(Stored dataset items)
┄┄┄┄┄┄┄┄┄┄

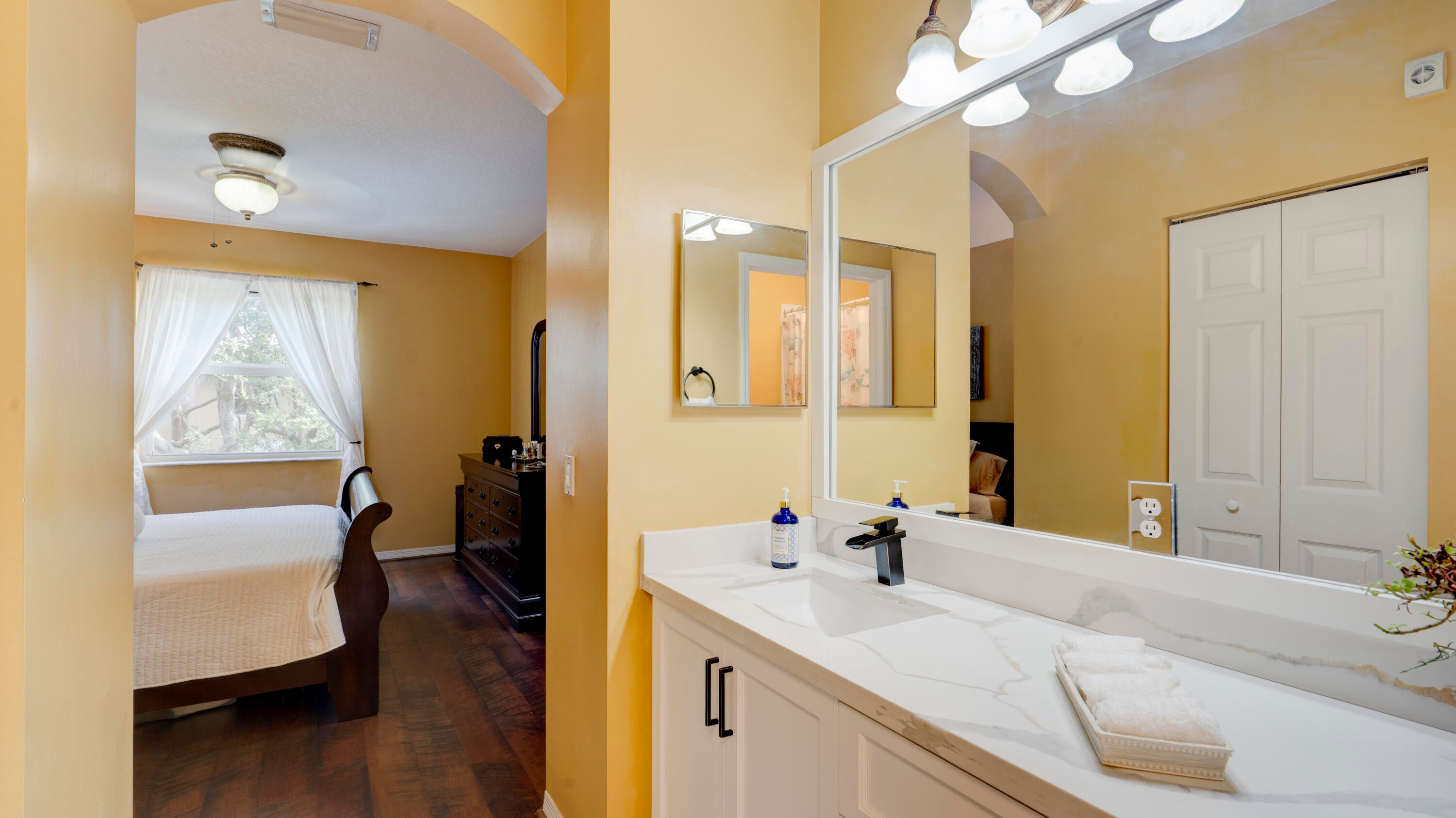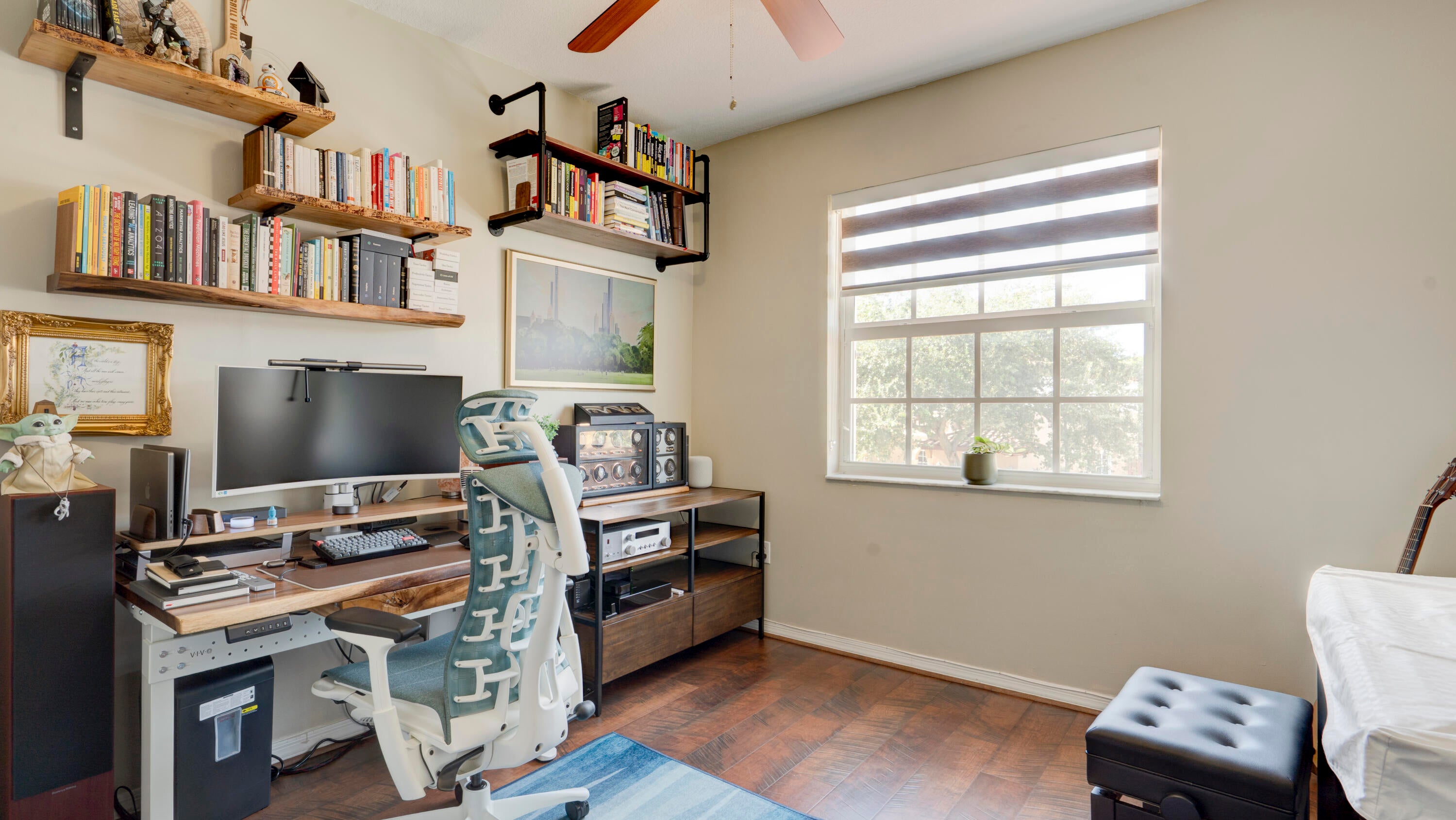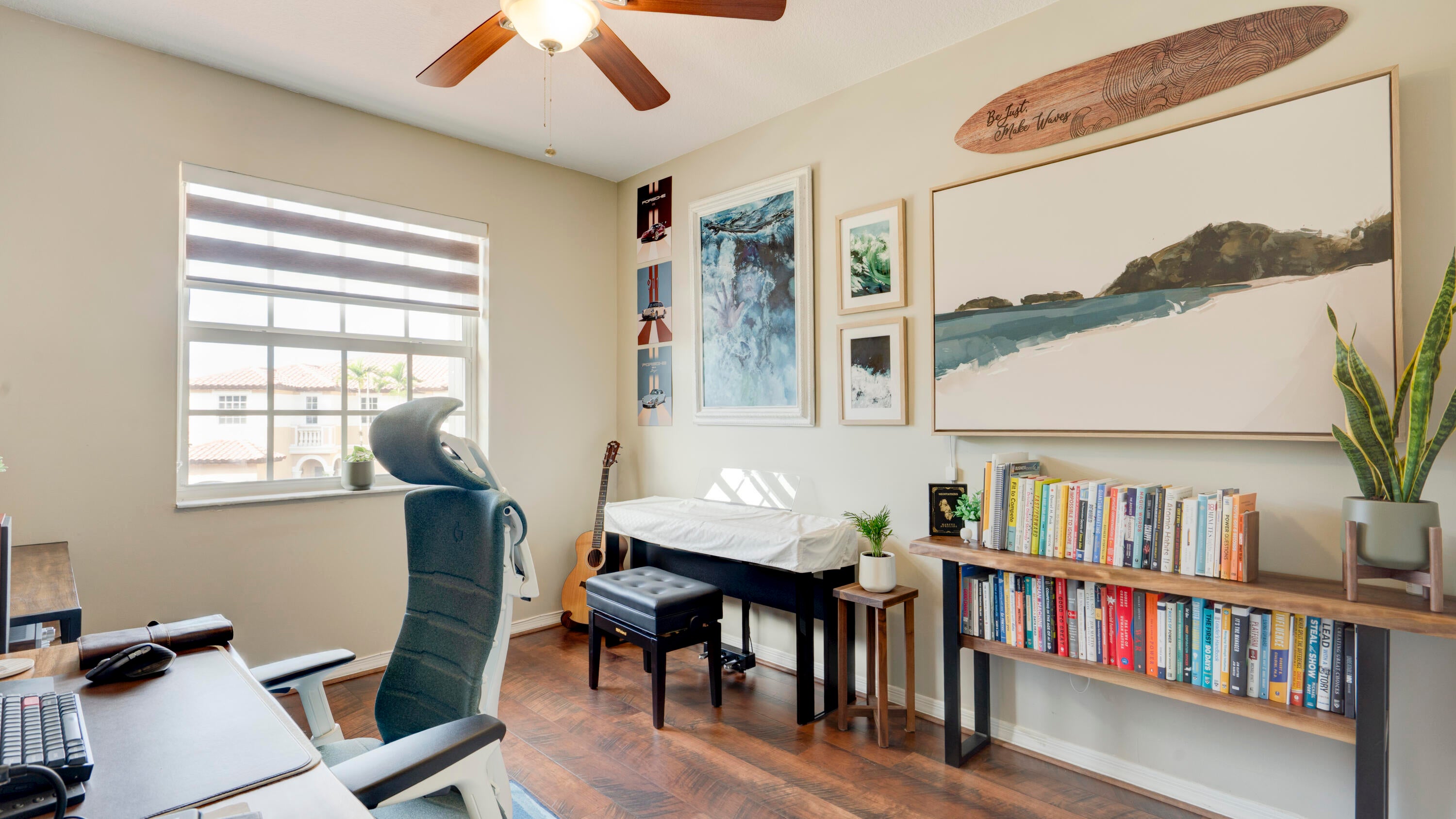 Beautiful corner-lot home featuring soaring ceilings, tray-ceiling dining, and master suite with garden tub. Kitchen boasts granite counters, remodeled cabinetry, SS appliances including new fridge, plus washer/dryer combo. Baths upgraded with quartz, cabinets, and new toilets. Modern touches include new laminate floors, stamped driveway, window treatments, and smart home features: Ecobee thermostat, Ring doorbell, outdoor cameras. Built for efficiency with impact windows/doors, accordion shutters, 2018 high-efficiency A/C under warranty, attic insulation, and full re-pipe. Backyard oasis offers travertine tile, lighting, mature Clusia hedges, and peaceful park views. Community amenities include clubhouse, fitness center, and pool. Move-in ready!Beautiful Corner-Lot Home with Modern Upgrades, Smart Features, and Park Views. This move-in ready corner-lot home combines comfort, efficiency, and style with thoughtful updates inside and out. Soaring high ceilings and a tray-ceiling dining area add openness and charm. The master suite features a garden bathtub, while the kitchen offers granite counters, remodeled cabinetry, and stainless steel appliances including a recently purchased refrigerator. The bathrooms showcase quartz counters, upgraded cabinets, and all new toilets, and the home also includes a recently purchased washer-dryer combo and waste disposal. Additional updates include modern window treatments, new laminate floors upstairs and on the staircase, and a designer stamped driveway and walkway for added curb appeal. Smart home features include an Ecobee thermostat, network-ready outdoor cameras, and a Ring doorbell. Built for efficiency and durability, the home also offers impact doors and windows with accordion shutters, a 2018 high-efficiency A/C with remaining warranty, blown-in attic insulation, and a complete re-pipe of the interior. The backyard retreat is perfect for entertaining or relaxing, with Mediterranean, travertine tile, tasteful outdoor lighting, and mature Clusia hedges for natural privacy. Backing directly onto a park, the outdoor space offers peaceful views and year-round serenity. A community-maintained irrigation system keeps the front, side, and backyard lush at all times. The property is part of a quiet, meticulously maintained community with a clubhouse offering a fitness center, entertainment areas, and a spacious pool. This home blends modern convenience, lasting quality, and lifestyle amenities a rare find that's ready for you to move right in.
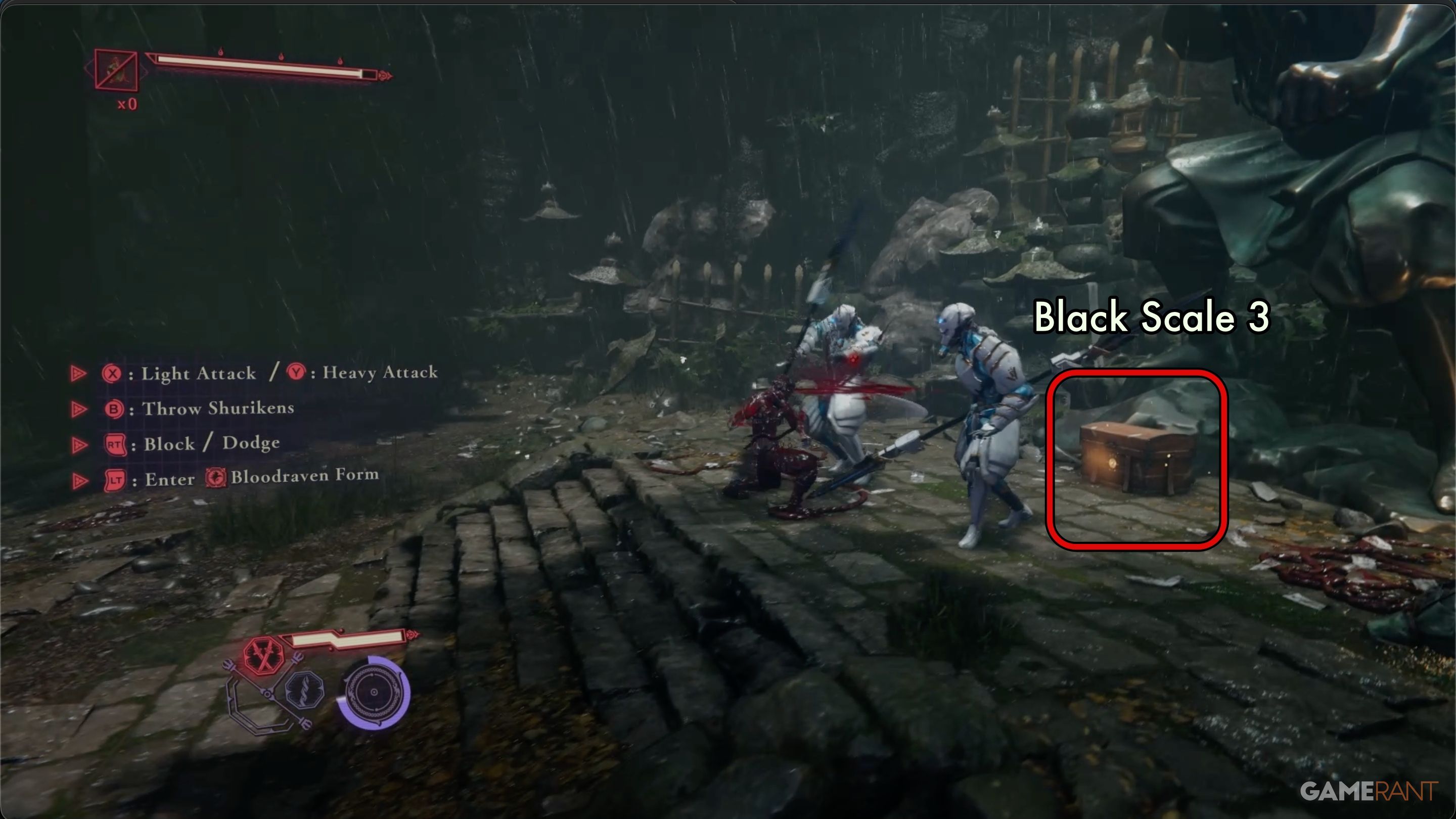 Black Scale 3 | Chapter 4: While fighting through the chapter, you’ll find a chest at the top of a set of stairs, guarded by two spear-wielding enemies. The scale is in the chest. The area appears to be a shrine or memorial of some kind, and as such it’s hard to miss. |
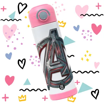 Avengers, Παιδικό παγούρι θερμό, ανοξείδωτο, με καλαμάκι ασφαλείας, ΡΟΖ (500ml)
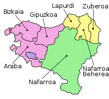 - سرزمین باسک شمالی، یا باسک فرانسه، (Iparralde, Pays Basque یا Pays Basque Nord) سه استان (تاریخی) شمالی در فرانسه (بخش زرد نقشه)
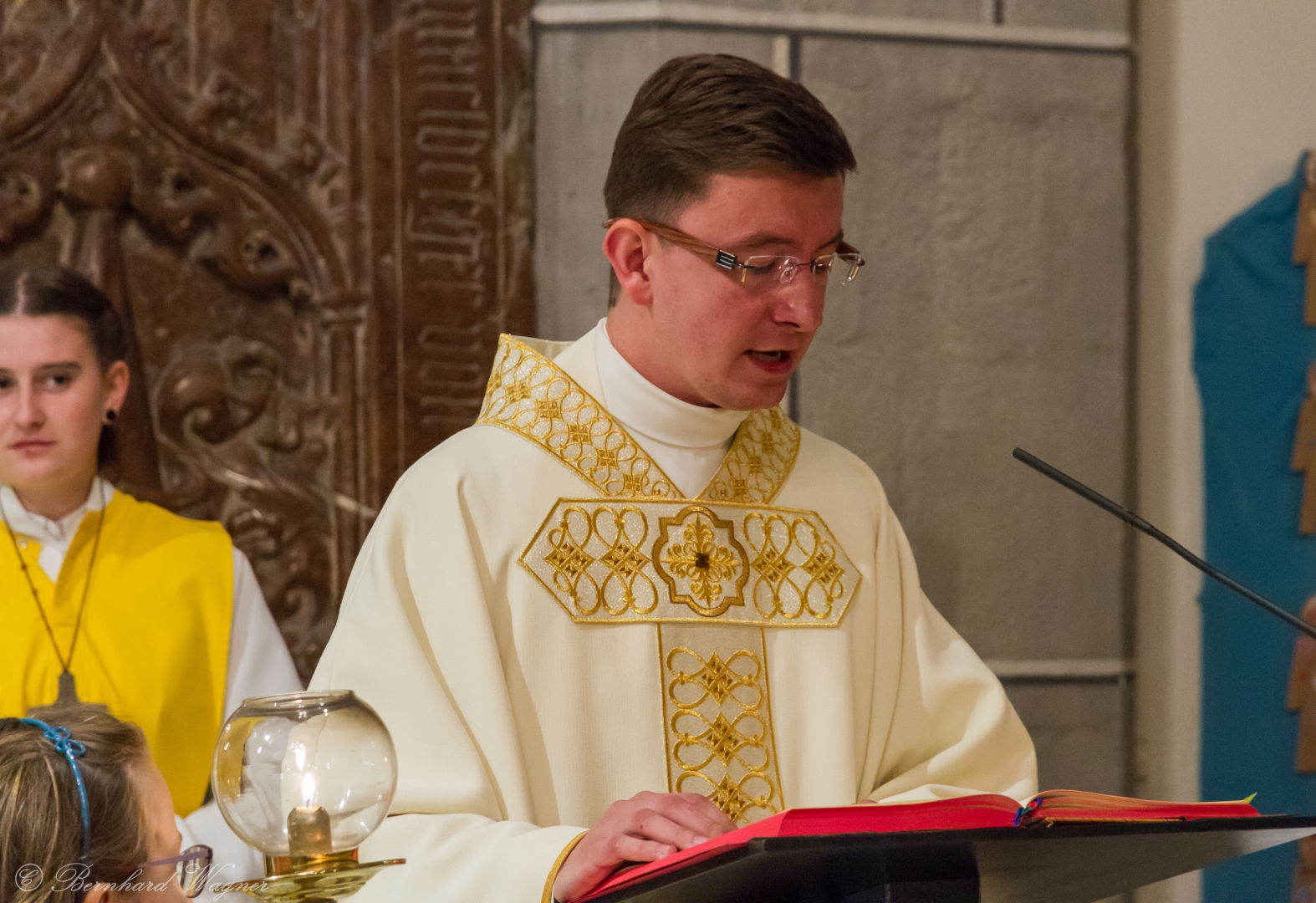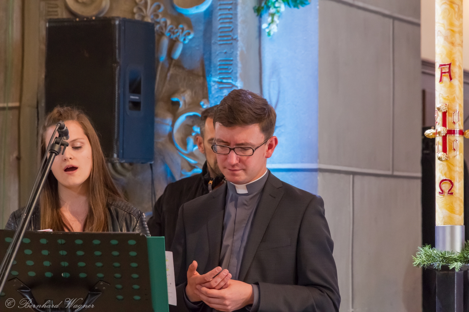 Nach dem dritten „Lumen Christi“ folgte die Inzens der zuvor auf den dafür vorgesehenen Ständer gegebenen Osterkerze und im Anschluss daran das feierliche Exsultet, das Osterlob, ein Lobgesang auf die Osterkerze.
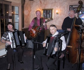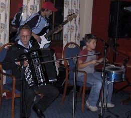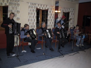| Liv Rønningen kan mer enn å spille trekkspill og arrangere. Hun dukket også opp på scenen da det svingte som mest og beviste at hun også kan synge. | "Geir Harrys" gruppe har startet opp igjen og låt veldig bra. |
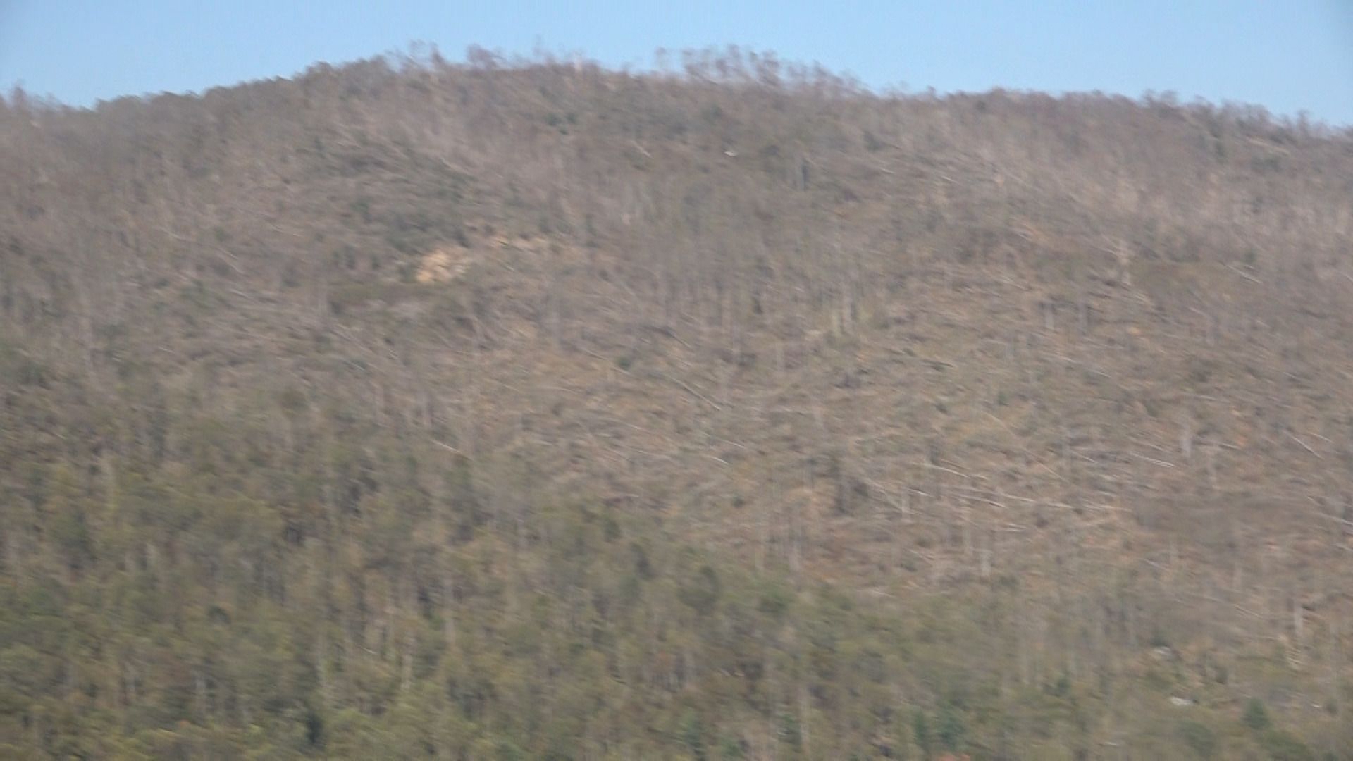 The windswept devastation on the mountains surrounding Bull Creek Valley, observed from the air on Oct. 8.

┄┄┄┄┄┄┄┄┄┄

### What is expected
All of the data must be repeated exactly, except for the pictures.

### Result below
 Beautiful corner-lot home featuring soaring ceilings, tray-ceiling dining, and master suite with garden tub. Kitchen boasts granite counters, remodeled cabinetry, SS appliances including new fridge, plus washer/dryer combo. Baths upgraded with quartz, cabinets, and new toilets. Modern touches include new laminate floors, stamped driveway, window treatments, and smart home features: Ecobee thermostat, Ring doorbell, outdoor cameras. Built for efficiency with impact windows/doors, accordion shutters, 2018 high-efficiency A/C under warranty, attic insulation, and full re-pipe. Backyard oasis offers travertine tile, lighting, mature Clusia hedges, and peaceful park views. Community amenities include clubhouse, fitness center, and pool. Move-in ready!Beautiful Corner-Lot Home with Modern Upgrades, Smart Features, and Park Views. This move-in ready corner-lot home combines comfort, efficiency, and style with thoughtful updates inside and out. Soaring high ceilings and a tray-ceiling dining area add openness and charm. The master suite features a garden bathtub, while the kitchen offers granite counters, remodeled cabinetry, and stainless steel appliances including a recently purchased refrigerator. The bathrooms showcase quartz counters, upgraded cabinets, and all new toilets, and the home also includes a recently purchased washer-dryer combo and waste disposal. Additional updates include modern window treatments, new laminate floors upstairs and on the staircase, and a designer stamped driveway and walkway for added curb appeal. Smart home features include an Ecobee thermostat, network-ready outdoor cameras, and a Ring doorbell. Built for efficiency and durability, the home also offers impact doors and windows with accordion shutters, a 2018 high-efficiency A/C with remaining warranty, blown-in attic insulation, and a complete re-pipe of the interior. The backyard retreat is perfect for entertaining or relaxing, with Mediterranean, travertine tile, tasteful outdoor lighting, and mature Clusia hedges for natural privacy. Backing directly onto a park, the outdoor space offers peaceful views and year-round serenity. A community-maintained irrigation system keeps the front, side, and backyard lush at all times. The property is part of a quiet, meticulously maintained community with a clubhouse offering a fitness center, entertainment areas, and a spacious pool. This home blends modern convenience, lasting quality, and lifestyle amenities a rare find that's ready for you to move right in.
 Black Scale 3 | Chapter 4: While fighting through the chapter, you’ll find a chest at the top of a set of stairs, guarded by two spear-wielding enemies. The scale is in the chest. The area appears to be a shrine or memorial of some kind, and as such it’s hard to miss. |
 Avengers, Παιδικό παγούρι θερμό, ανοξείδωτο, με καλαμάκι ασφαλείας, ΡΟΖ (500ml)
 - سرزمین باسک شمالی، یا باسک فرانسه، (Iparralde, Pays Basque یا Pays Basque Nord) سه استان (تاریخی) شمالی در فرانسه (بخش زرد نقشه)
 Nach dem dritten „Lumen Christi“ folgte die Inzens der zuvor auf den dafür vorgesehenen Ständer gegebenen Osterkerze und im Anschluss daran das feierliche Exsultet, das Osterlob, ein Lobgesang auf die Osterkerze.
| Liv Rønningen kan mer enn å spille trekkspill og arrangere. Hun dukket også opp på scenen da det svingte som mest og beviste at hun også kan synge. | "Geir Harrys" gruppe har startet opp igjen og låt veldig bra. |
 The windswept devastation on the mountains surrounding Bull Creek Valley, observed from the air on Oct. 8.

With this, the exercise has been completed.